С одной стороны, такие ожидания становились все более общим местом в публицистических статьях 1810–1820-х гг. А с другой карикатуры воспитали подготовленную зрительскую аудиторию, и сама технология воспроизводства игловых гравюр оказалась столь доступной, что казалось естественным использовать все это для того, чтобы развить тему и показать зрителю, как победившие европейцев русские живут в мирных условиях, какие чувства им свойственны в повседневной жизни.

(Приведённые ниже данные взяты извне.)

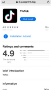 Páginas falsas que imitaban la App Store para instalar una supuesta app de TikTok mediante herramientas de desarrollador, y que también incluían una tienda integrada en la app modificada, la cual solo aceptaba pagos en criptomonedas.
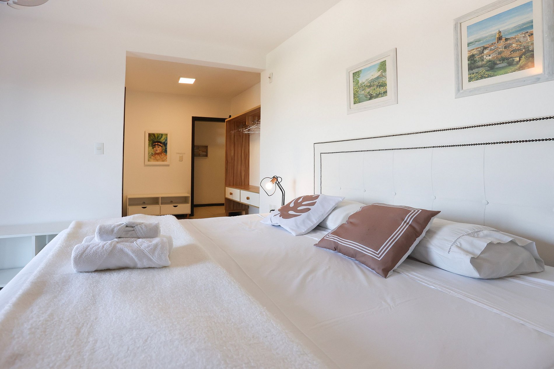 As acomodações incluem 4 suítes confortáveis, sendo duas equipadas com banheira, proporcionando um ambiente relaxante e luxuoso. Todas as suítes possuem ar condicionado e ficam no piso superior. Decoradas com conforto e estilo. Para sua conveniência, disponibilizamos roupas de cama e banho de alta qualidade.
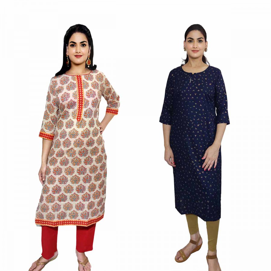 Women Printed Rayon & Cotton Straight Kurti ( Pack of 2 )
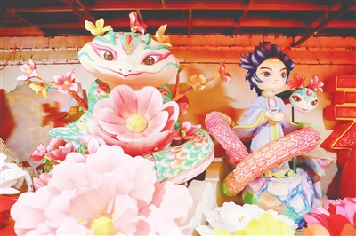 除了在“网红”款上下功夫,明年的生肖蛇的花灯设计制作也是重头戏。对此,设计师张磊表示,明年是蛇年,我们在设计时既深度挖掘了蛇在传统民俗文化里的内涵,又加入了现代元素,采用色彩绚丽的材料塑造蛇身,使其在灯光映照下更好看。同时,为了节能,我们选用了LED灯,结合现代科技手段,为彩灯增添互动体验功能,例如,通过传感器、投影技术等,实现观众与彩灯互动。
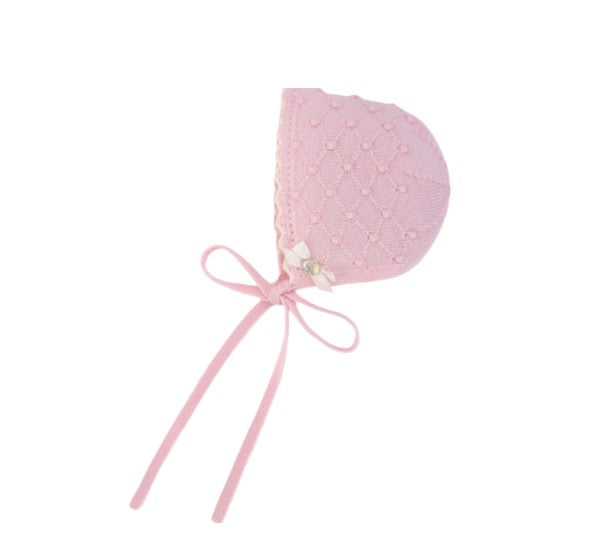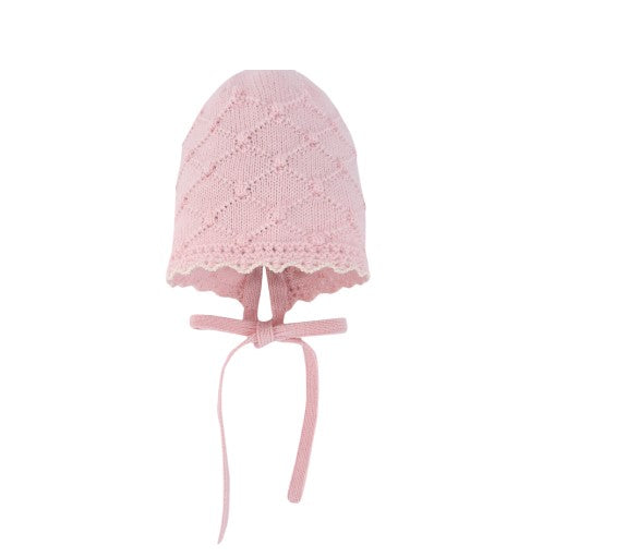 Gestrickte Mütze für Mädchen mit Rautenmuster und Bommeln. Verfügt über einen Kordelzug für zusätzlichen Komfort und Anpassung. Schleife mit Perlmuttplakette
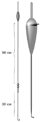 Рис. 45. Оснастка для ловли в медленно текущей воде
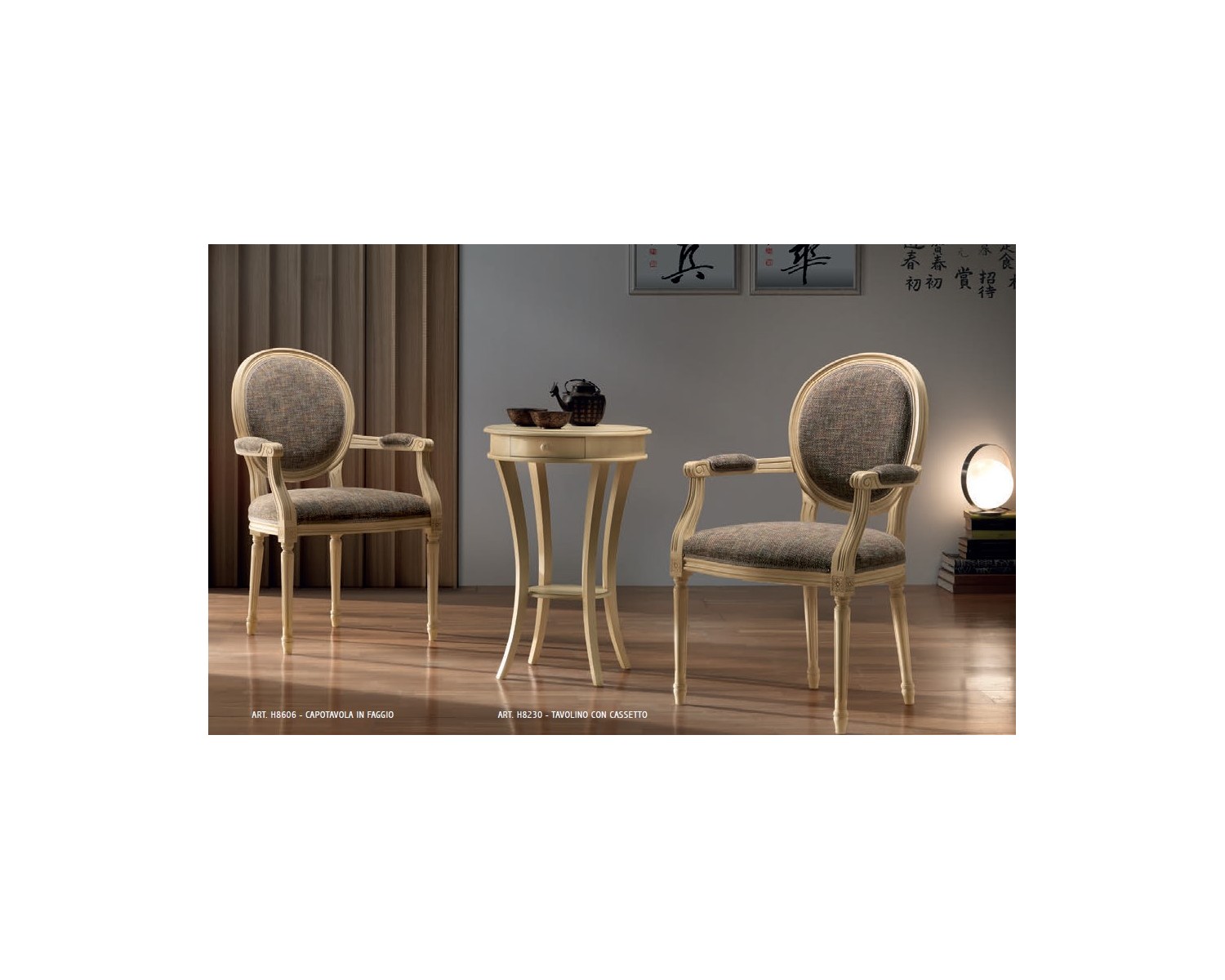 Capotavola in faggio con schienale e seduta da tappezzare

Указанные обстоятельства стимулировали рождение нового издательского проекта под названием «Волшебный фонарь». Его редакция состояла из владельца типографии В. Плавильщикова, автора текстов П.П. Свиньина, а также художников и граверов К.А. Зеленцова, С.Ф. Галактионова и А.Г. Венецианова. Поскольку пробный экземпляр издания был доставлен петербургскому цензору уже в 1816 г., то, следовательно, к реализации замысла энтузиасты приступили сразу же после запрета на военную карикатуру. Предполагалось, что это будет крупноформатный ежемесячный журнал, состоящий из 40 двухфигурных раскрашенных гравюр и двух жанровых литографий.

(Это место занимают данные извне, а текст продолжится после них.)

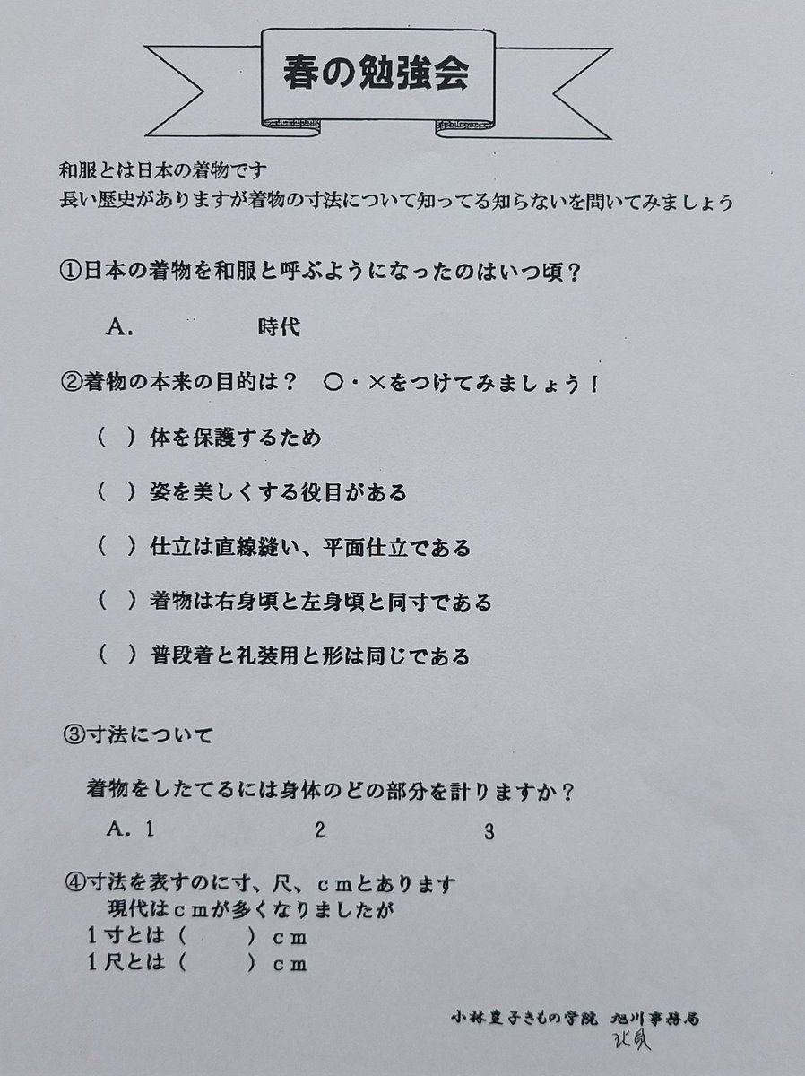 【2月開催🌸春の勉強会情報⑥ 旭川地区】「寸法」12(土) 旭川本校13(日) 北見市民会館会場は換気消毒を徹底し小人数でご案内します😌... [小林豊子きもの学院【Twitter】]
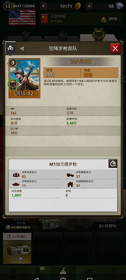 将空降流完善到最后的补牌,如果没有他,空降流永远缺一角。士气高涨的英雄甚至都可以不要但是空降步枪连队必须存在。可以说是勇猛之路二战游戏中浑水摸鱼的好能手,前面说过,空降部队虽然有反坦克武器,但是自身面板很脆四个人虽然是优势,但是真的是打不动任何精锐步兵。这个时候就要依靠人多力量大了从天空中再降下来,两个六人组成的步枪连队可以快速的压场击杀对面的精锐步兵然后配合上空降部队附带的医疗兵一下子可以把压场面的效果拉到最大。而且防御塔比较呆打死一个人之后就很容易把攻击目标放到其他步兵地方相当于在变相中为存活的空降部队提供保护让空降部队有更多的机会能打出m1无后坐力炮前面说过也可以为残血的坦克吸收前排火力伤害。总之,用处很多在空降联队手中,更是能玩出花。拥有极高上限的部队还有一个小秘诀如果玩人海战术的话可以利用此部队还有空降部队来达成人造D -day非常的有意思嗯,如果步兵联队玩建筑的话就不需要用这张牌了还有这张牌可以扛防御塔的伤害配合上爆破工程兵扔出自己的背包炸弹在开局的时候打突袭十分有奇效也算是出其不意了。

Вопрос об авторстве рисунков «Волшебного фонаря» до сих пор – спорная тема в искусствоведении. Д.А. Ровинский считал, что их сделал Венецианов. В советское время возобладала точка зрения А.Н. Савинова, уверявшего, что рисунки создал К.А. Зеленцов[606]. Сейчас искусствоведы вновь признали авторство Венецианова, а Зеленцову и Галактионову отдают дань в их гравировании[607].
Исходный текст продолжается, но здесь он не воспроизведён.